Innovazione è quindi anche quella di una startup di ateneo qual è Xtensa, votata allo sviluppo di tecnologie di supporto per pazienti affetti da patologie degenerative come la Sla. Punta di diamante della sua opera è EyeAssist, una soluzione ausiliaria di comunicazione basata sul controllo oculare, che offre la possibilità di interagire con il mondo circostante attraverso un computer. Tramite un sistema di visione artificiale, l’utente sarà in grado di controllare il Pc con gli occhi, accedendo a funzioni di comunicazione di base (un normale editor di testo predittivo) e più avanzate (frasi pre-compilate e messaggi di allarme) e interagendo con i propri contatti via email o via Skype. La peculiarità di EyeAssist, che andrà presto in commercio indirizzandosi a ospedali, Asl e centri specializzati pubblici e privati del Nord Italia? I suoi costi, come ci spiega Mattia Daldoss, socio e cofondatore di Xtensa. “Volevamo rendere queste tecnologie accessibili a tutti e quindi abbiamo abbattuto gli oneri dovuti all’uso di hardware dedicato, concentrandoci il più possibile su prodotti disponibili su larga scala”. Il risultato sono prezzi dell’apparecchio fino a dieci volte inferiori ai sistemi tradizionali già presenti sul mercato. l

LE MINI CAR ELETTRICHE AL SERVIZIO DELLE CITTÀ ECOSOSTENIBILI Un progetto di car sharing sperimentale, della durata di tre anni, che in Toyota non esitano a definire innovativo. Per la casa giapponese è l’occasione di testare sul campo, in quel di Grenoble, le sue “full electric” ultracompatte a tre e quattro ruote i-Road e Coms, ma non solo. La valenza di questa iniziativa è anche nel fatto che il servizio di noleggio offerto da Cité lib (società di car sharing già attiva in città) si basa su un’applicazione di data management totalmente integrata e interconnessa con il sistema informatico che gestisce il trasporto pubblico cittadino. Il vantaggio? Poter offrire all’utenza la migliore programmazione a livello di spostamenti, combinando i diversi mezzi utilizzabili, direttamente dal proprio smartphone o tablet.
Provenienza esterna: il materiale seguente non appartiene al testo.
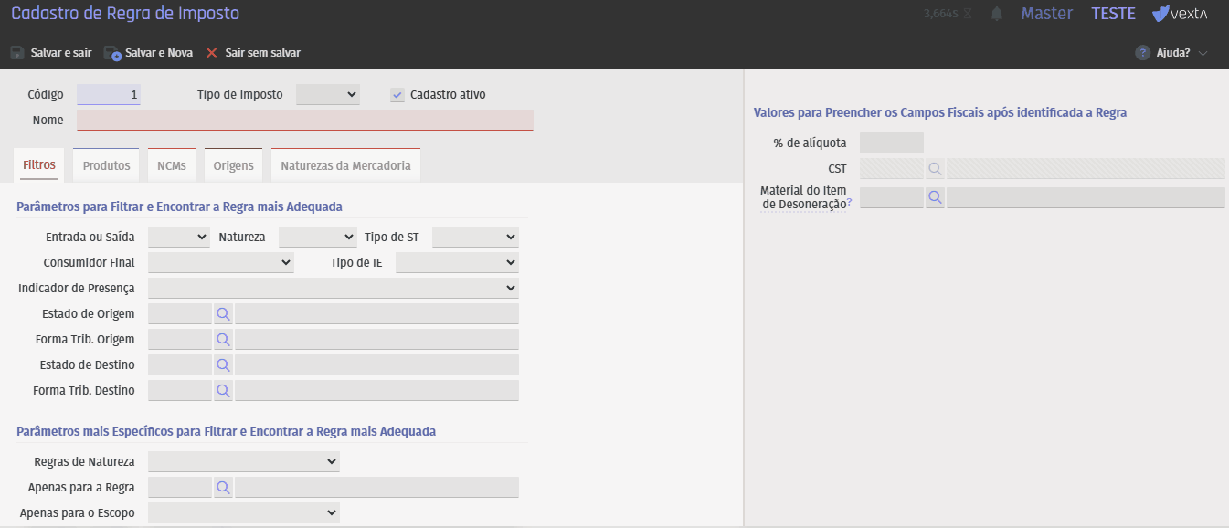Flag "Considerar ICMS Difal na base de cálculo" na regra imposto

Ad alimentare le 70 auto elettriche della flotta ci penseranno 27 stazioni di ricarica delle batterie (120 colonnine in totale) ubicate vicino alle fermate di tram, treni e autobus. “Cité lib Ha:mo” (abbreviazione che sta per Harmonious Mobility) è anche il primo progetto su larga scala che il produttore di auto nipponico avvia fuori dal Giappone. Ora sbarca a Grenoble, centro dotato di una viabilità decisamente ben organizzata e con un’amministrazione locale molto sensibile ai benefici promessi dalla mobilità sostenibile.